Until the Celebration
- Author: Zilpha Keatley Snyder
- Illustrator: Alton Raible
- Language: English
- Series: Green Sky Trilogy
- Genre: Fantasy
- Publisher: Atheneum
- Publication date: 1977
- Publication place: United States
- Media type: Print (hardback & paperback)
- Pages: 231 pp
- ISBN: 0-689-30572-9
- Preceded by: And All Between

= Until the Celebration =

1977 novel by Zilpha Keatley Snyder

Until the Celebration is a science fiction/fantasy novel by Zilpha Keatley Snyder, the third book in the Green Sky Trilogy.

The book's title refers to the duration it describes, from the day of Rejoyning (when Kindar and Erdling, the two nations of the world of Green-sky, were united) until the celebration of the first year since.

As the trilogy's conclusion, the book unveils the lies that underlie the utopia in the Green-sky community, marking the series genre as a "Critical Utopia"; this is a change from the series' earlier perception as a pastoral paradise. It is only in this final novel that we find the key issue in Green Sky's well-ordered and seemingly near-perfect society: "a society of controller ideality is seen as less viable than a teeming pluralistic society".

With Raamo D'ok's death in his attempt to save both worlds, readers find that the series does not present a happy ending, instead showing that healing the wounds of the past and merging the two societies would still leave much work to be done.

== Plot summary ==

After the secret society of Geets-Kel, and the imprisoning of the Erdlings below the impenetrable Root, was discovered, the novice-master D'ol Regle abducted two children, Pomma D'ok (Kindar) and Teera Eld (Erdling), and threatened to harm them using a relic weapon. Rather than preventing the reunion or "Rejoyning" of the two worlds, this brought Kindar and Erdlings together. At the end of And All Between, the two children foiled D'ol Regle's plans by joining their psychic powers together in uniforce, a phenomenon not seen for many centuries, to levitate the weapon away from him.

The little girls are enshrined as "Holy Children," and preparations begin for the first celebration of the Rejoyning. As groups of Kindar and Erdlings are told the truth, many express doubt that two such different societies can coalesce, but when the little girls are put on display, the people's faith is restored. When the two disappear again, along with the weapon, both D'ol Regle and the Erdling radical Axon Befal send threatening messages.

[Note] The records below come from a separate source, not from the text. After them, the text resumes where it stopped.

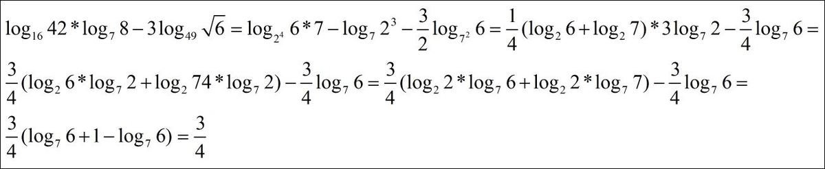Найти значение выражения: log по основанию 16 числа 42⋅log по основанию 7 числа 8 − 3log по основанию 49 числа под корнем 6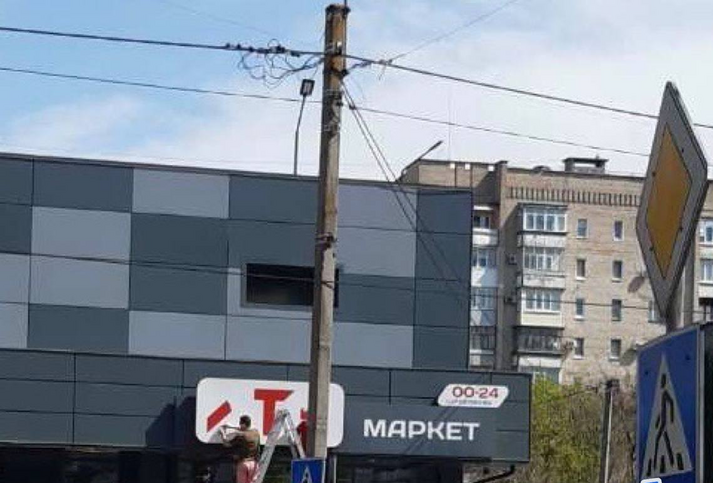 В окупованому Мелітополі (Запоріжжя) російські військові демонтували логотип популярної мережі супермаркетів та встановили на фасаді будівлі українського магазину свою назву. Про це повідомили одразу кілька місцевих Telegram-каналів.
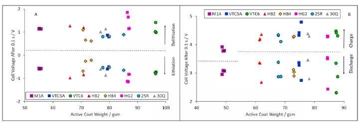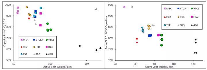 分析充放電速率的一種簡(jiǎn)易方法是繪制2C的放電容量與C/5容量的比值。如圖二所示:每種類型的電極至少制成了三個(gè)電池來(lái)進(jìn)行測(cè)試。這些點(diǎn)的分布表明,涂層重量和功率容量都有變化。這九種負(fù)極 (從M1A到48G)的2C/ C/5的容量比隨著涂層重量的增加有明顯的線性趨勢(shì)。擁有高功率: 能量比的電池通常具有較低的面積比容量,這與較低的涂層質(zhì)量有關(guān)。三星48G電池具有最大的能量密度,因此有最高的涂層質(zhì)量,和最差的2C快充性能。正極也展現(xiàn)了類似的2 C: C/5容量比與活性涂層質(zhì)量的關(guān)系:48G正極具有迄最高的涂層重量??傮w而言,正極的2C: C/5比值要比負(fù)極的低。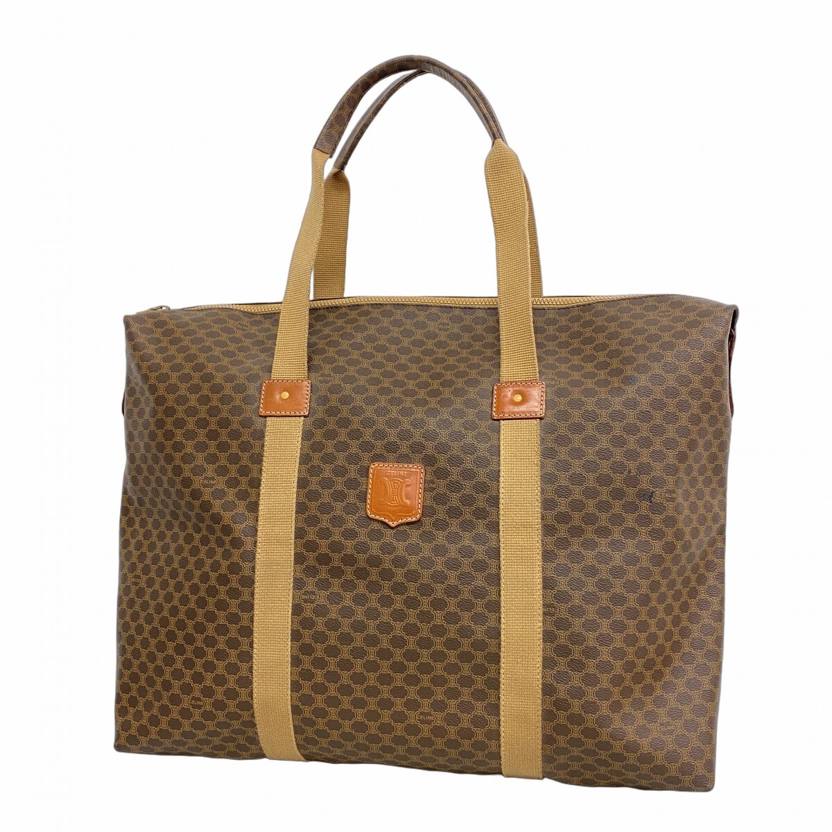★SALE【5hb1478-h】セリーヌ ボストンバッグ マカダム PVC ブラウン ゴールド金具【中古】メンズ レディース ユニセックス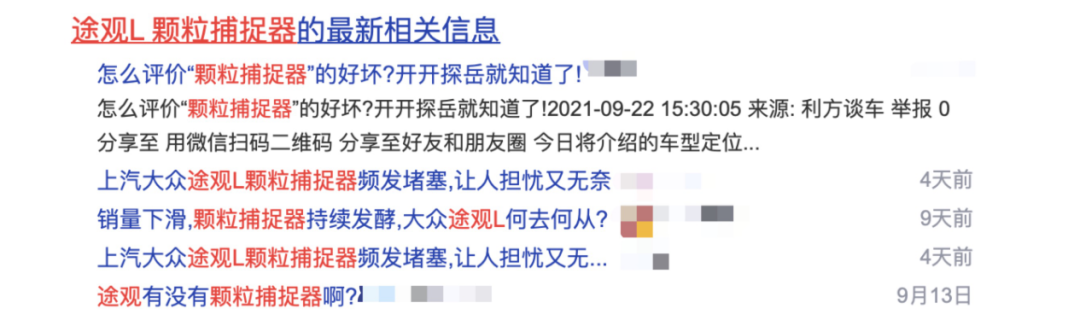 近来网上有很多途观L的车主反应车上的颗粒捕捉器频繁堵塞,堵塞后会导致车辆加速无力、油耗大幅升高。从各大网站和汽车质量投诉平台来看,出现问题的车辆数可能在数百台。
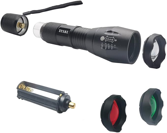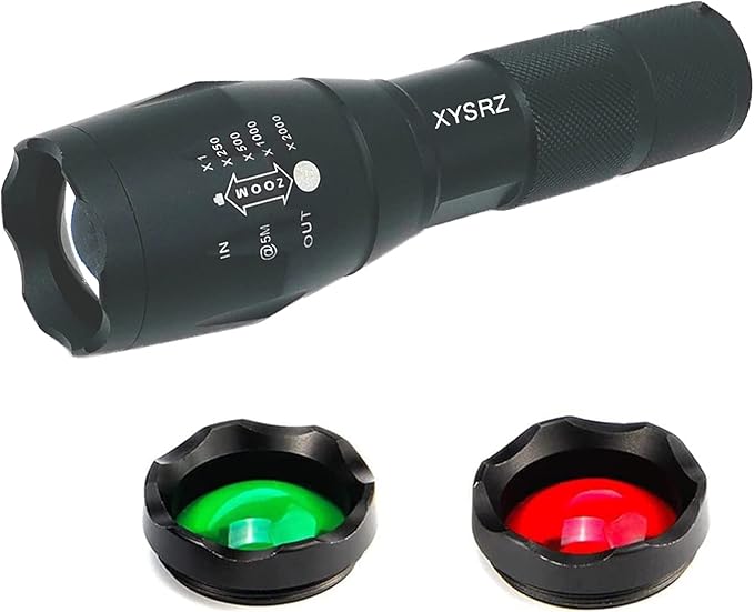 3-Color-Light Flashlight Single Mode Flashlight with Red Green Lens Zoomable LED Flashlight for Hunting Astronomy Camping Night Vision
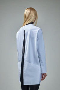 - asymmetric top - long sleeves - crew neck - straight hemline, longer back with slit at the bottom - crafted in cotton poplin Materials: 100% cotton Color: blanc Made in Italy SKU: 147264 Brand style: AA9C09546T611 000 Size and Fit The model is 1.79m (5.9ft) and wears a size 34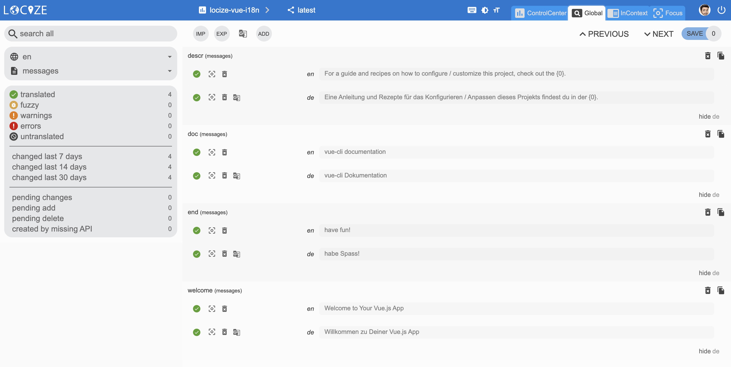 Having imported all translations should look like this: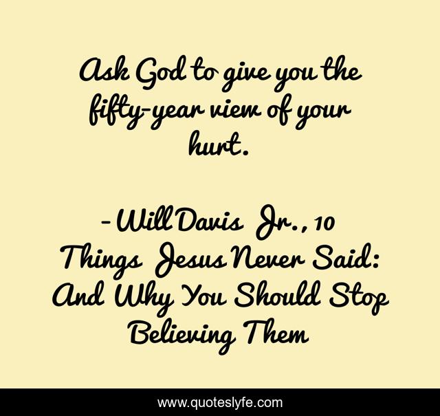 This page presents the quote "Ask God to give you the fifty-year view of your hurt.". Author of this quote is Will Davis Jr., 10 Things Jesus Never Said: And Why You Should Stop Believing Them. This quote is about prospective, forgiveness, bitterness,.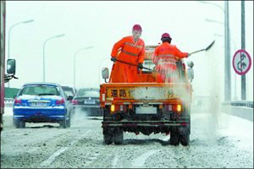 据了解,融雪剂一般有两大类:一类是以醋酸钾为主要成分的有机融雪剂,腐蚀损害较小,但价格高,一般用于机场等场所;另一类则是以氯盐为主要成分的无机融雪剂,如氯化钠、氯化钙、氯化镁和氯化钾等,通称作“化冰盐”,其价格便宜,被广泛使用,但腐蚀损害也较大。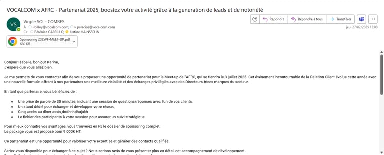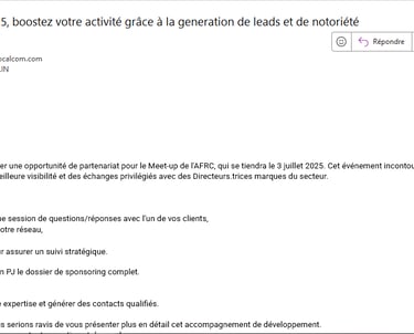 Rédaction et mise en forme d’un mail de partenariat et de recherche de sponsors.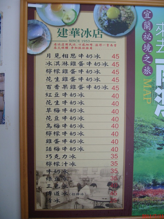 2011/7/11(一)晴 經過蘇花公路那麼多次第一次停下來吃冰 點了份傳道冰(45元)來吃吃 還不錯吃,不過很小一碗就是了 地址:宜蘭縣南澳鄉蘇花路二段419號 台九線130公里處 電話:03-9981150 營業時間:AM 07:00 ~ PM 11:00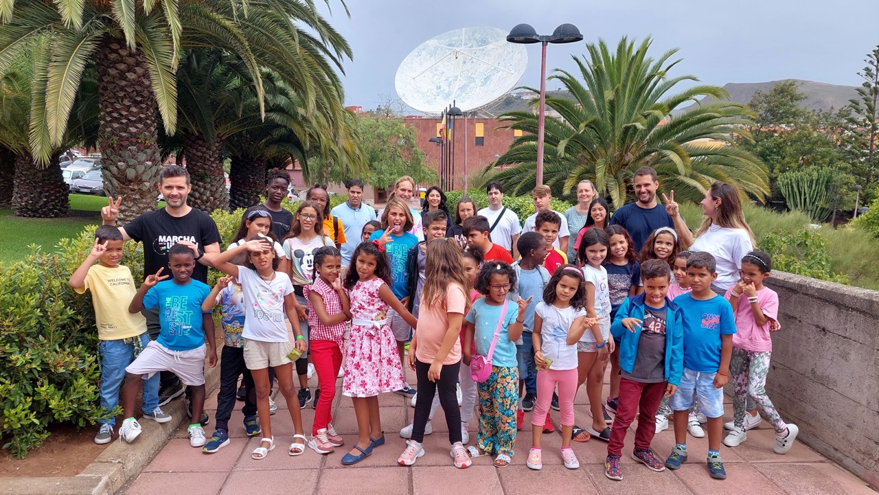 Niñas y niños saharauis del programa “Vacaciones en Paz 2022” y sus familias de acogida disfrutan de las actividades de divulgación astronómica del programa AMANAR y visitan la sede central del IAC en Tenerife.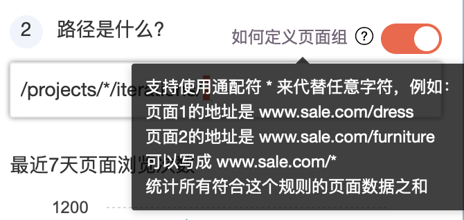 a.「路径」最右侧的开关开启时,可以通过在「路径」中使用「*」来做通配符,达到圈选多个类似页面的目的: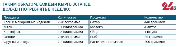 В 2009 году правительство Кыргызстана утвердило нормы питания для граждан. Согласно этому документу, каждый житель страны обязан ежемесячно потреблять 9 видов продуктов питания.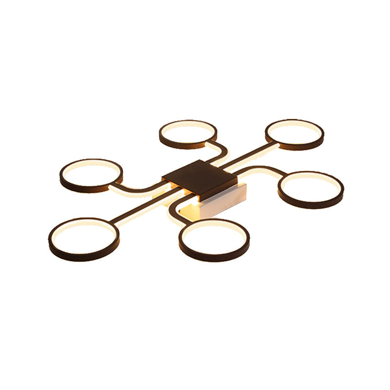 Sputnik Nordic Iron Ceiling Flush-Mount Light With Ring Shade - 4/6/8 Head Options Black 6 / Warm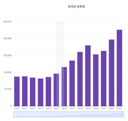 2020~2021년을 지나 2022년부터 다시 증가하는 추세가 확인되며, 2023년 기준 약 22만명의 외국인 유학생 유치 현황을 통해 교육부에서 발표했던 ‘Study Korea 300K Project’의 목표에 근접해가고 있는 모습을 확인할 수 있다.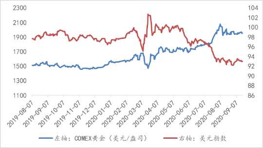 图表 9 黄金和美元指数走势:美国经济数据表现依然较差、法国新冠疫情持续恶化等因素支撑金价,近一周COMEX黄金价格震荡上涨0.46%。美元指数冲高回落,全周下跌0.26%,收于93.01。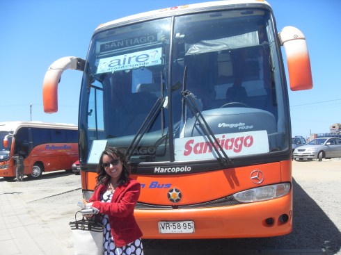 De Algarrobo fomos para Santiago. Na porta do condomínio pegamos um táxi lotação para a rodoviária local, onde então pegamos um ônibus para Santiago. Mais uma vez não anotei o valor, mas foi barato (bem mais barato que o translado).
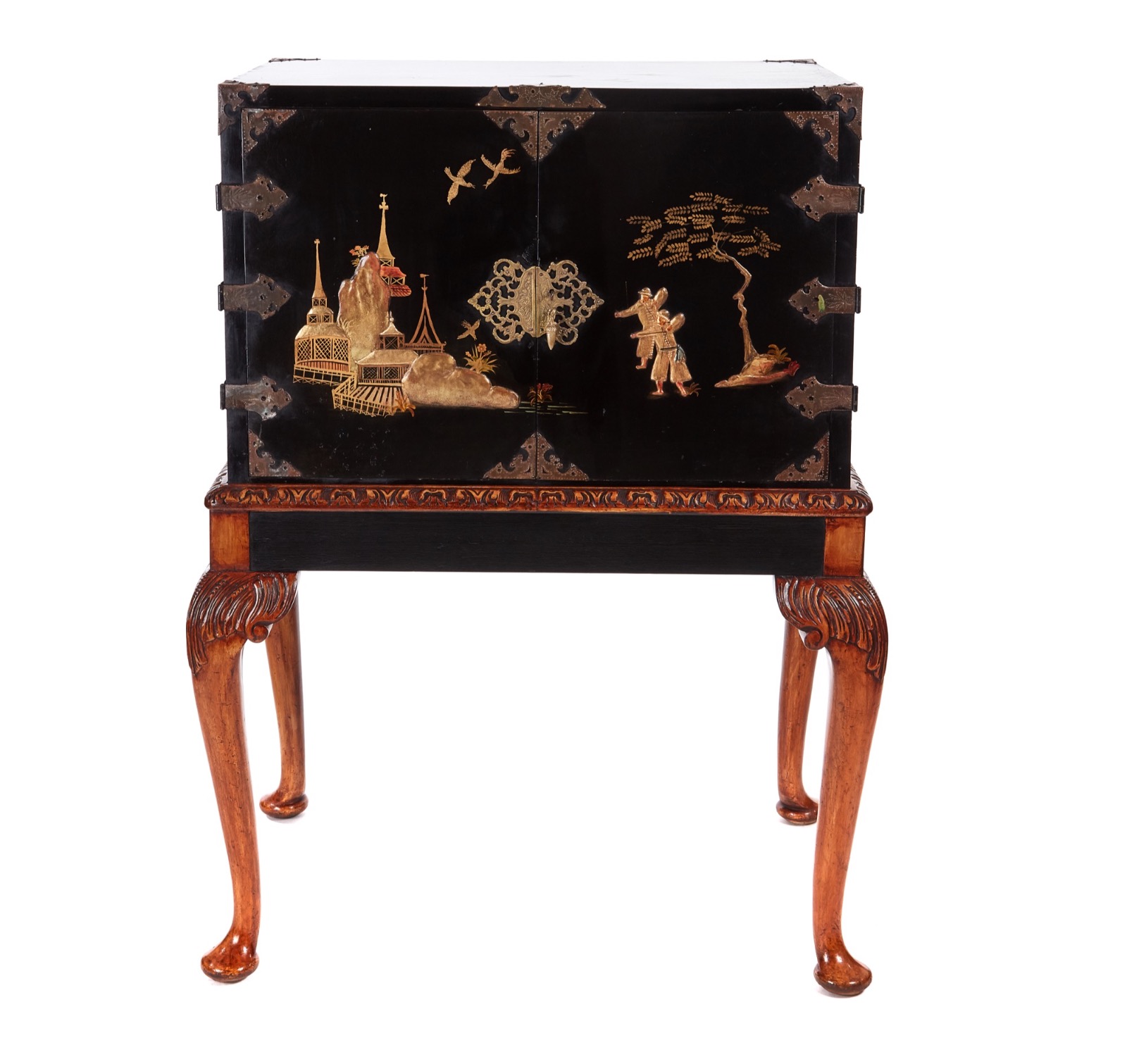 Antique Chinoiserie Lacquered Cabinet on Stand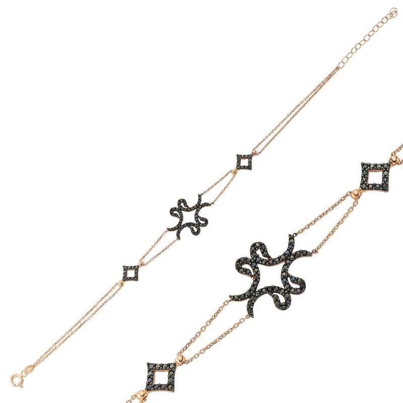 Ce bracelet pour femme parfaitement conçu avec un motif wow est fabriqué en argent sterling 925. Plaqué or rose sur argent. Tous les modèles de bracelets pour femmes plaqués or rose conservent longtemps leur éclat et l'oxydation est retardée. Les pierres de ce bracelet femme en argent à quatre vavs sont en zircon. Il y a une chaîne d'extension qui permet d'ajuster la longueur du bracelet en fonction de l'épaisseur du poignet. Il peut atteindre jusqu'à 20 cm. Tous les modèles de bracelets pour femmes sont fabriqués à la main. En raison de l'argent et des pierres précieuses, il peut y avoir un écart de ± 10 % dans le poids moyen indiqué du produit.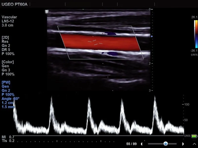 • PW доплер оценки кровотока в сосудах
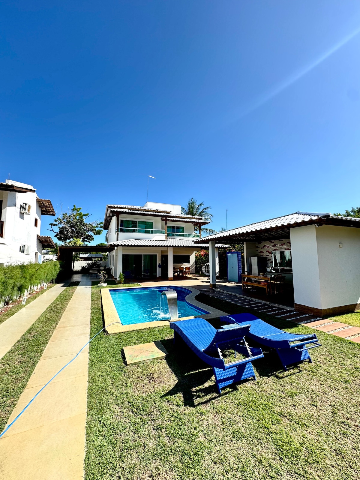Huis 2 minuten lopen naar een strand met blauwe vlag; 158 m 5 en-suites met airconditioning, kasten en 100% verduistering voor 10 personen (4 tweepersoonsbedden en 2 eenpersoonsbedden) Zwembad, BBQ, tuin, vaatwasser Dagelijkse schoonmaak van het zwembad en het huis inbegrepen, behalve op zondag HS Internet 500 mb Communitybeveiliging met camera's en 24/7 patrouille; toegang tot het huis bewaakt Fietspad met uitzicht op de oceaan, sportvelden Maximaal tien gasten ouder dan twee jaar Energie- en waterverbruik gedekt tot R$ 40/dag. Het eigen risico wordt bij het afrekenen in rekening gebracht.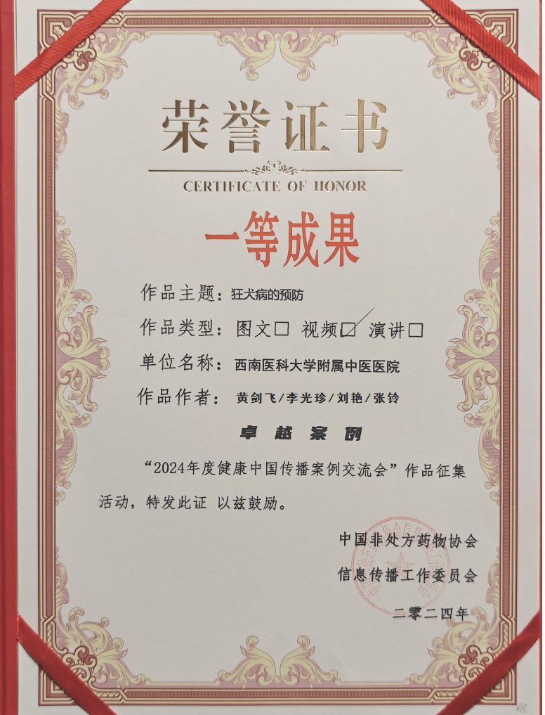 本次交流会共征集参赛作品800余例,其中入围决赛182例。经过现场专家评选,我院城北急诊科主创的科普作品《狂犬病的预防》从中脱颖而出,获得视频类一等成果奖。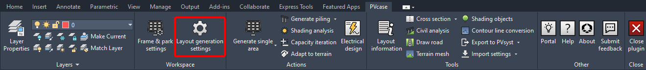 Por defecto, todas las superficies cerradas que se encuentren en la capa PVcase offset son consideradas como áreas restringidas para PVcase. Es posible cambiar la capa que PVcase tomará para las restricciones a través del menú de Layout generation settings.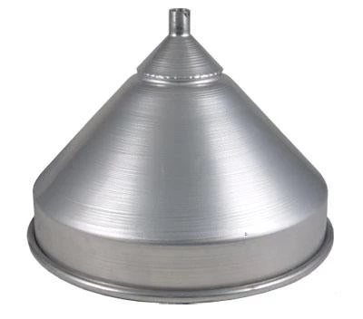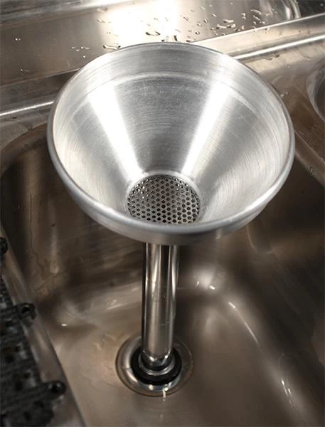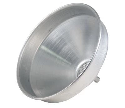 A great strainer funnel design for all of your straining needs. This 2 quart aluminum funnel works well to keep waste such as straws and fruit left over from a drink from clogging up your sink. It can also be used as a food strainer for in the kitchen. The 2 quart size will fit on most bar sink plugging pipes. It is well constructed featuring built-in air vents and a satin finish.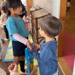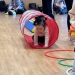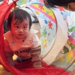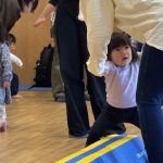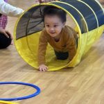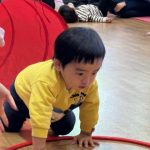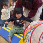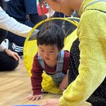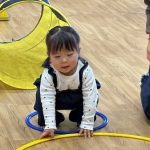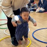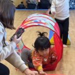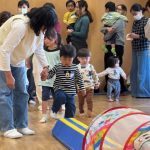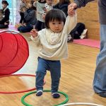 渡ってくぐってジャンプして、探検ごっこです。ママやパパと手をつないで元気にたんけんできたね!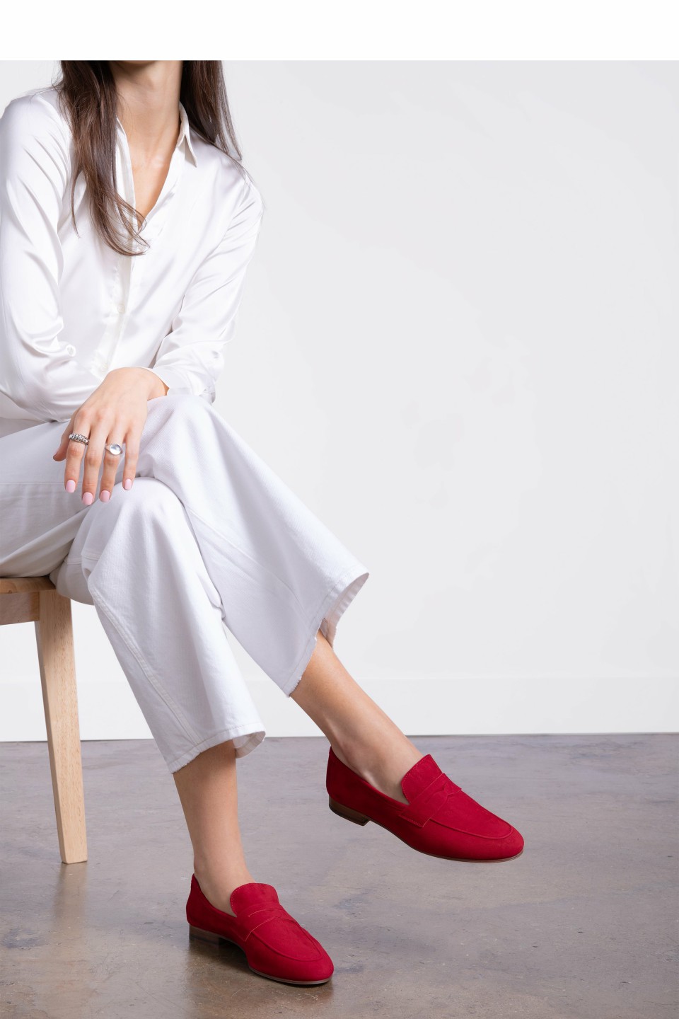 The Sacca Donna is our classic Italian loafer, sewn by hand in luxuriously soft suede. Unlined for utmost flexibility, lightness, and comfort, it also features rubber inserts on the sole and a stacked leather heel for added traction. It’s the ideal year-round shoe.Italian kid suede upper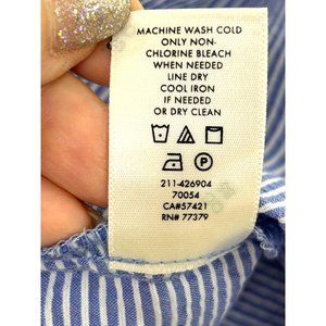 1001B- Ann Taylor women’s blouse, size small, 59% cotton, 41% lyocell, light blue, mini horizontal stripes of light and darker blue, round banded neckline, with deep v- notch. Gathered shoulders, does not stretch, made in Vietnam. Machine wash, cold, nonchlorine, bleach, if needed, line, dry, or dry clean.

D'ol Regle's servant Maala turns up with the weapon, which she was commanded to steal, but she's lost her faith in him, as he's gone insane. Pomma's brother Raamo, also regarded as a sanctified leader (he denies this), suggests throwing the weapon into the vast Bottomless Lake deep underground. Others believe the weapon should be kept as a precaution, but upon seeing that Maala has been seriously injured by the weapon's radioactive core they agree to dispose of it. Raamo carries the weapon in a lead-lined urn, at the head of a procession to the underground lake, but falls, with the weapon, into the water. Before his death he envisions "a clear foretelling that the evil in the urn will be denied in his memory, and his name would become a talisman against it for many years to come." A young man who followed the procession then confesses that Axon Befal sent him to murder Raamo; meeting Raamo, he realized he couldn't do it. Befal faked his threat and never had the children.

The day of the celebration arrives; it is a sad event, but the ancient D'ol Falla, considered the final authority on Green-sky, points out that the gathered peoples are blended together, united by shared emotions of grief, hope and love. A messenger interrupts with news that the children had run away and hid; having seen that their ability to create uniforce seemed the only thing confirming faith in the Rejoyning, they dreaded confessing that they had lost the skill, which requires thinking in perfect unison. In the closing scene, two younger children casually use uniforce to levitate a huge urn. They think it's a game, not realizing this is a return of a legendary and sacred force.

== Critical reception ==
The overall reception of Until the Celebration was less favorable than that of the two earlier volumes in the trilogy. While the review in Kirkus Reviews mentions "well-paced action" and that "character is consistently strong and shaded", the review in The New York Times claims "the author attempts an overview of her troubled nation‐states. But she doesn't have the zoom lens, or even an intercom. We seem to be reading the minutes of countless meetings," and the result is apparently so boring that the reader "wants to grab the tree and shake it, or pick up the tool‐of‐violence and leap from branch to branch, firing in the air." The review in The World of Children's Books from the year of the book's release mentions confusing presentation and lack of a strong protagonist, and concludes by stating that "weaknesses in theme, characterization, and plot make Until the Celebration a disappointing conclusion to the "Greensky" trilogy".